Formula meaning in mixed models

# Formula
outcome ~ predictor + (1 | random_term)

(1 | random_term): Random effects variable
- Random = dependency between observations (e.g. siblings in family, person over time)
- Takes form (left | right): left = individual slopes, right = individual intercepts
- 1 = same slope for all
- random_term = each person has own intercept

Lastly, there is the random effects variable. The name random means there is a dependency between observations, such as with siblings in a family or a person measured over time.

The form has two parts, a left and right side. The left side calculates slopes for each random unit while the right side calculates intercepts for each unit. The one here says to have the same slopes and that each random unit on the right will have a different intercept.
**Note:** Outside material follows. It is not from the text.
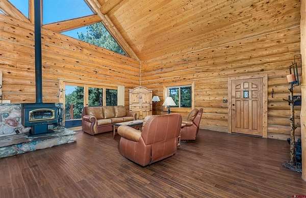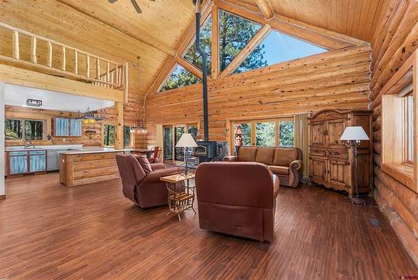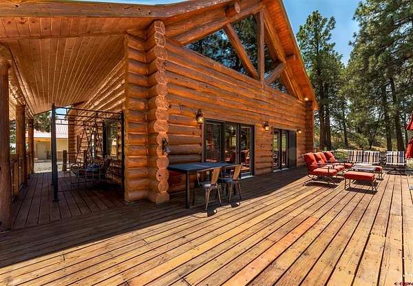 Jeremiah Aukerman, eXp Realty, LLC, C: 970-769-2407, jeremiah.aukerman@exprealty.com, durangohomesales.com: Back on market due to buyers failed loan. Don't miss it this time! 4 Bed | 3 Bath | 21+ Acres | Log Home with Views, Privacy & Upgrades. Welcome to your Colorado retreat—this authentic log home sits on over 21 acres of forested privacy, with commanding views of both the La Plata Mountains and HD Mountains from expansive front and back decks. Located just 15 minutes from Bayfield, 30 minutes from downtown Durango, and under 40 minutes to the La Plata County Airport, you’re close to town while still enjoying the peace and space of mountain living. Since purchasing the property, the sellers have made major improvements including adding a large detached garage with a finished hobby studio. They've also hooked up to a well, supported by an 1,800-gallon cistern for extra water storage.Inside, the home offers 4 bedrooms and 3 full bathrooms plus an office. The main level features a sun-filled great room with a wall of windows, vaulted ceilings, and panoramic mountain views. The kitchen includes stainless steel appliances, highlighted by a Viking Professional 6-burner range, ideal for home chefs. The lower level includes a spacious family room with a pellet stove, a walk-out French door to the outdoors, and a large cedar-lined storage closet. Upstairs you have the master suite and cozy loft sitting area. Outdoors, you'll find mature pine trees, rugged rock outcroppings, and total seclusion. You're just minutes from thousands of acres of San Juan National Forest, with easy access to Vallecito Reservoir, the Pine River, and countless trails for hiking, biking, hunting, and ATV riding. Additional highlights: Updated septic system with 2018 permit, No HOA or covenants. This property offers the rare combination of classic mountain architecture, modern infrastructure, and unbeatable access to Southwest Colorado’s natural playgrounds. Whether you're seeking a year-round residence or a private getaway, 111 S Windy Ridge delivers the freedom and lifestyle you’re looking for. Contact agent directly for your private showing.

For example, in a prospective cohort, individuals measured over time will all start at their own weight at the start and change over time.
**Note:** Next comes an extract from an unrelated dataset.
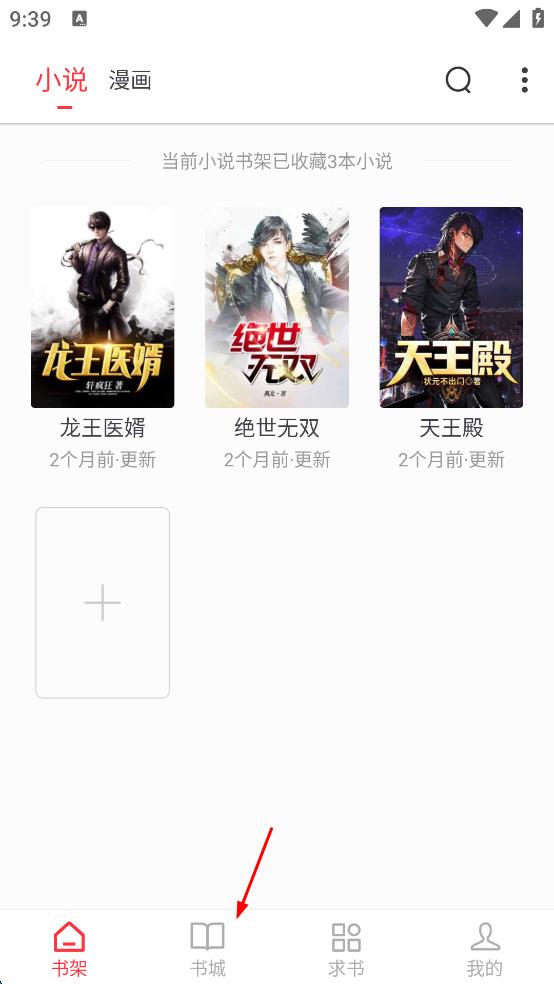 1、打開小說閱讀類APP,進(jìn)入首頁后,點(diǎn)擊底部“書城”圖標(biāo),進(jìn)入書城頁面。

Recall transforming variables for modeling

# Example code for transforming: Center, division, log
changed_dataset <- dataset %>% 
    mutate(predictor_center = scale(predictor, scale = FALSE),
           predictor_divided_num = predictor / num,
           predictor_log = log(predictor))

For mixed models, large differences in variable variances is common issue
- E.g. Weight of mother in kg and weight of newborn in grams
Often involves trial and error for transformations

In chapter 2 we covered transforming variables. Here we will put that knowledge to use. Some modeling techniques are fussy with the data you give it. Usually the model function informs you of any issue.
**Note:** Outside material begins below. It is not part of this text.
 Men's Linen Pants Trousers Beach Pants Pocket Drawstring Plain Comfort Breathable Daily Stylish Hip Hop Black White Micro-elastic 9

For instance, with mixed effects models, large differences in the variances of variables in the formula can cause computational problems. A good example would be the weight differences between a mother in kg and a newborn in grams.

You'll often have to do some trial and error of scaling, logging, or other transformations before the model computes a correct error-free output.

Running mixed effects models using glmer

# Example code usage:
library(lme4)
glmer(outcome ~ center_predictor + predictor_divided_100 + 
          log_predictor + (1 | random_id), # e.g. subject_id
      data = changed_dataset, family = binomial)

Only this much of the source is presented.